Aspetto un bambino. Il treno che si ferma nella sua ultima stazione. Come farò a dirglielo? Sono
ancora lì, nell’anticamera. Mi sono appena lasciata alle spalle lo studio del dottore. Quel dottore,
quella scoperta, quella rivelazione. Incredula e scioccata resto ferma, impassibile e penso o forse
non penso. Sono e non sono.

-Signora mi scusi, si sente bene? Vuole un bicchiere d’acqua? Si sieda. E’ molto pallida!

A quelle parole, in quel momento, mi desto. Il torpore che mi ha assalito, mi lascia turbata e tremante
e la voce dell’assistente mi riporta in un attimo alla realtà.

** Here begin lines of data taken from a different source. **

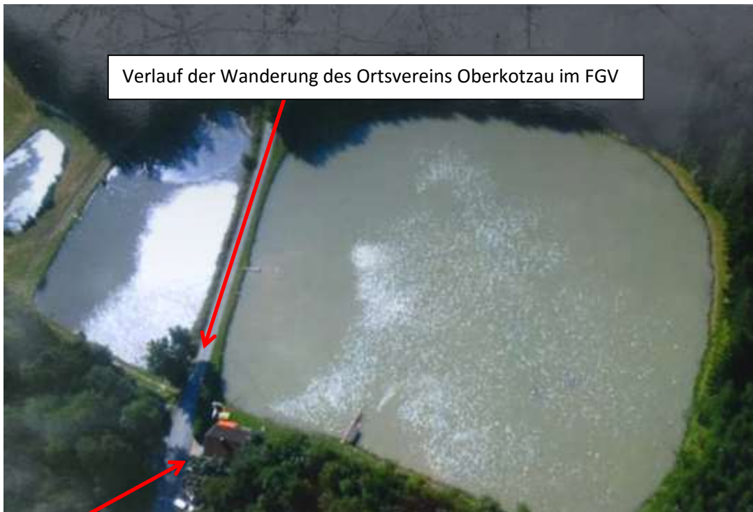
Verlauf der Wanderung des Ortsvereins Oberkotzau im FGV

Auf einer Info-Tafel unmittelbar neben dem Teich kann man weitere Informationen über diese Anlage bekommen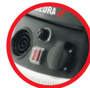
Pokrętko regulacji mocy ssącej / The suction power control knob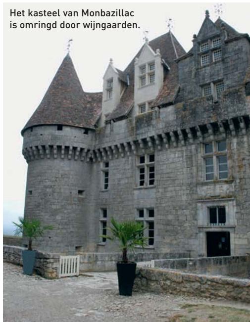
Het kasteel van Monbazillac is omringd door wijngaarden.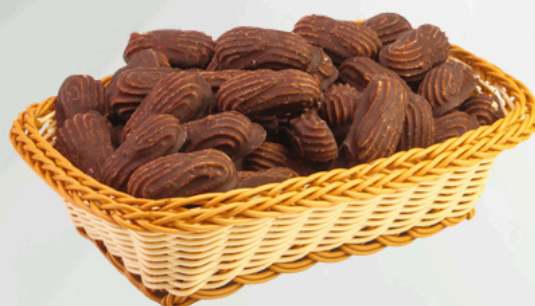
Prestígio 2K Cód.: 9218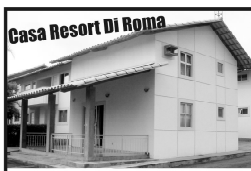
Troca-se casa de 02 quartos, totalmente mobiliada, por casa do mesmo condomínio de 01 quarto.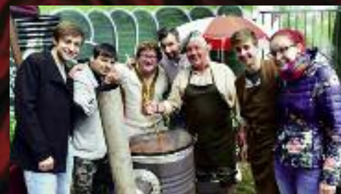
Tenisový kurt v Lužáneckém parku se stal dějištěm již druhého ročníku Guláš Festu Brno.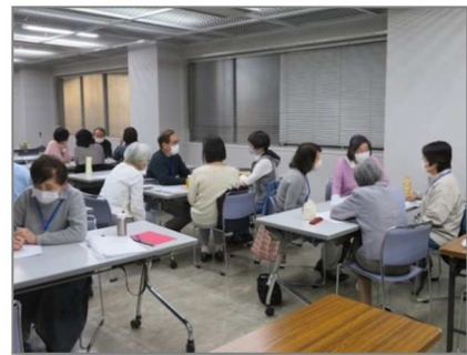
グループ別 ロールプレイング

※ コロナ感染予防策（換気・人数制限・アルコールによる手指消毒・マスク着用）を行います。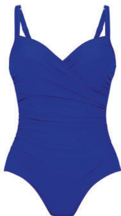
Art. 7300.338 Tilda Cup C-E, 38-50 Cup F, 38-48 129,95 €

-No grazie. Sto bene. E’ solo l’emozione per la bella notizia. E’ il primo figlio! Arrivederci.

Esco così da quello studio con i pensieri raggomitolati, come quando alla rinfusa si riordina una
stanza all’arrivare di un ospite inaspettato, cerco di fare spazio e chiarezza alle mie idee. La paura
mi accompagna. Dev’essere l’abitudine. Quando si è vissuto per tanti anni nell’ombra, la luce, dà
fastidio e spaventa. Oh, se spaventa! Mi avvio. Per la strada vedo i passanti. Una signora porta in
giro il cane. Il vecchietto legge il giornale. Quel gruppo di amiche si attarda davanti a una vetrina
discutendo su chissà quale abbinamento doni di più all’una o all’altra. E’ ora di pranzo.

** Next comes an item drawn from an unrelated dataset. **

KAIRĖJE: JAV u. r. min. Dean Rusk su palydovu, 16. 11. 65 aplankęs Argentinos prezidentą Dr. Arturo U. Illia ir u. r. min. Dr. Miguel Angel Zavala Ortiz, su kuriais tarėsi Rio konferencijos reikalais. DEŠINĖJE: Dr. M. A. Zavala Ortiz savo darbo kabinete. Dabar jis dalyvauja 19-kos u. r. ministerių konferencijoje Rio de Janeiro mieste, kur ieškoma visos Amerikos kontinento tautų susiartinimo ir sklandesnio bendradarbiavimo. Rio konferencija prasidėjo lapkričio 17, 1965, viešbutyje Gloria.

-Prendiamo un aperitivo in quel bar, mentre, facciamo due chiacchiere!

Io lì ferma. Sudo e affanno. Di nuovo. Osservo e non vedo. Ma all’improvviso ecco. E’ lì davanti ai
miei occhi la risposta. Mi si palesa senza avvisare. Mi sbatte contro come un pallone lanciato da
quei bambini che giocano lì al parco.

-Dormi, dormi. Dormi, dormi piccolino della mamma.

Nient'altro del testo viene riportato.